Take the records below and extract, word for word, the lines from the one containing "ROWER GETS ATTENTION" through the final line, inclusive. Omit pictures.

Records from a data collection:

☆ ☆ ☆ ☆ ☆ ☆ ☆

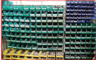
DIE SYSTEM: QUICK CHANGE, INTERCHANGEABLE DIE HOLDERS FOR PUNCHING WASHERS
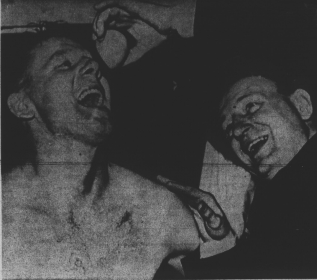
ROWER GETS ATTENTION Johnny Bower (left) Toronto Maple Leaf goalie has some orange juice squirted down his throat by coach George (Punch) Imlach in the dressing room after Leafs defeated Boston Bruins 3-2 to win the National Hockey League semi-final series. Leafs
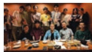
Farewell Party of the Lab
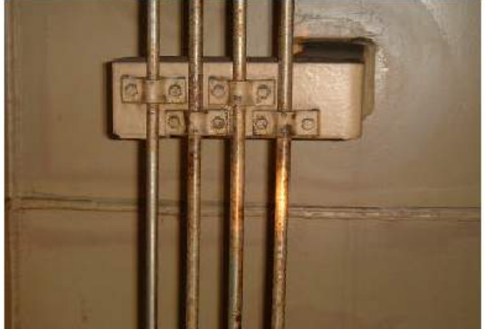
VRC tube in Cargo Tank 2
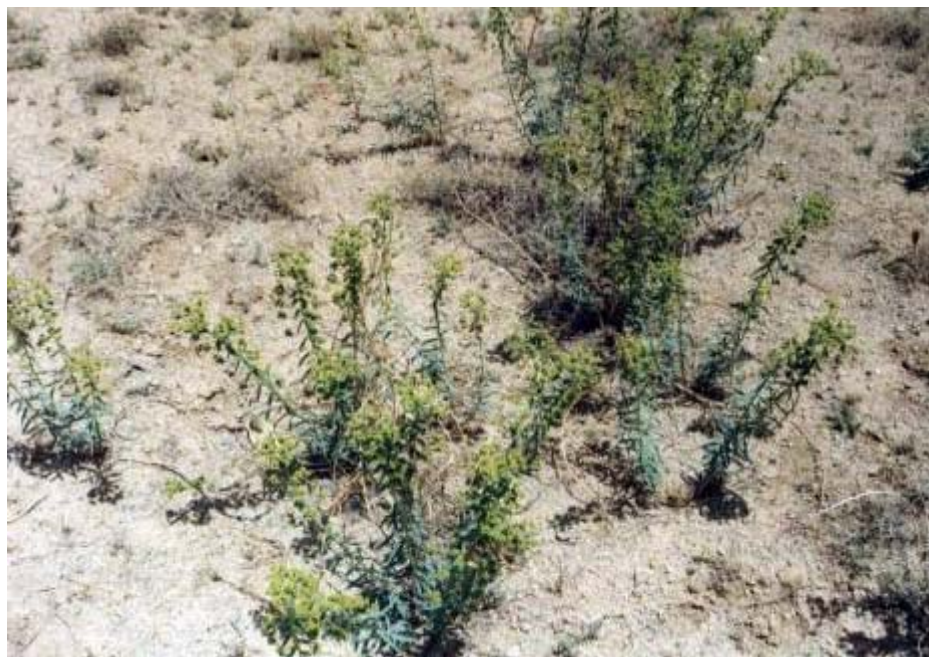
Fig 11- Ephedra Strobilacea is used in manure pit.
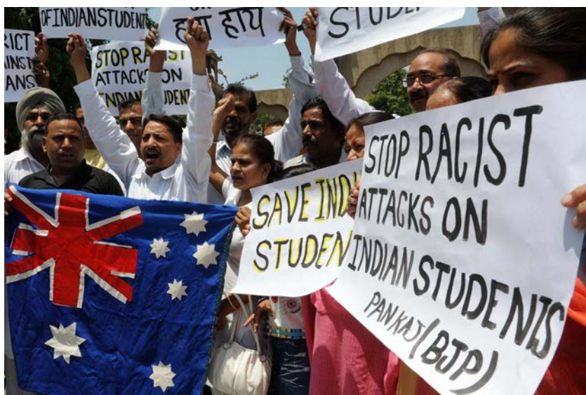
Activists from India's Bharatiya Janata Party (BJP) protest in Amritsar on 12 June 2009 against the treatment of Indian students in Australia.
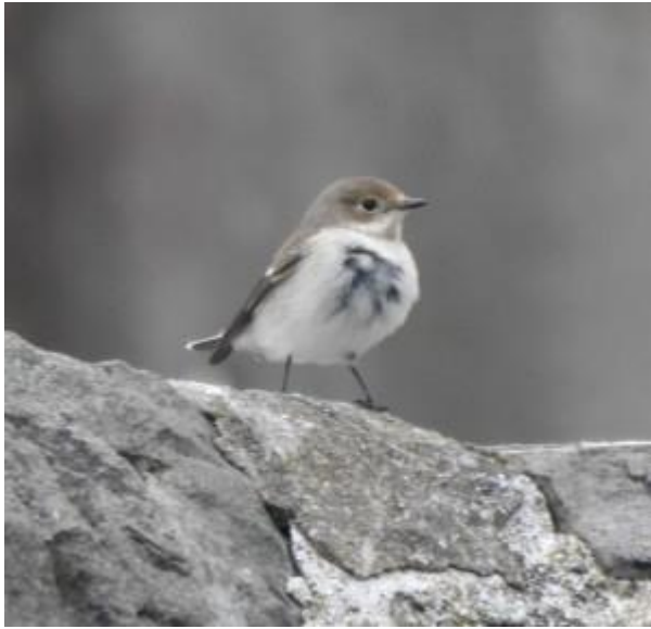
Pied Flycatcher (David Steel)
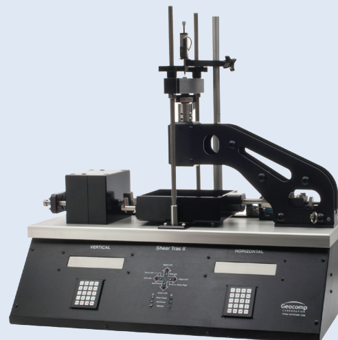
Standard Fully-Automated Cyclic Direct Simple Shear System

The system comes complete with hardware and software for recording all test input data and settings of selected test parameters, performing standard engineering calculations on the data, and producing graphically plotted and printed output.
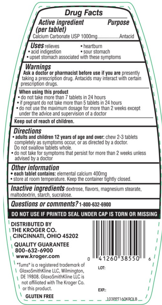
Package Label 72 Chewable Tablets

☆ ☆ ☆ ☆ ☆ ☆ ☆

TASK OUTPUT:
ROWER GETS ATTENTION Johnny Bower (left) Toronto Maple Leaf goalie has some orange juice squirted down his throat by coach George (Punch) Imlach in the dressing room after Leafs defeated Boston Bruins 3-2 to win the National Hockey League semi-final series. Leafs
Farewell Party of the Lab
VRC tube in Cargo Tank 2
Fig 11- Ephedra Strobilacea is used in manure pit.
Activists from India's Bharatiya Janata Party (BJP) protest in Amritsar on 12 June 2009 against the treatment of Indian students in Australia.
Pied Flycatcher (David Steel)
Standard Fully-Automated Cyclic Direct Simple Shear System

The system comes complete with hardware and software for recording all test input data and settings of selected test parameters, performing standard engineering calculations on the data, and producing graphically plotted and printed output.
Package Label 72 Chewable Tablets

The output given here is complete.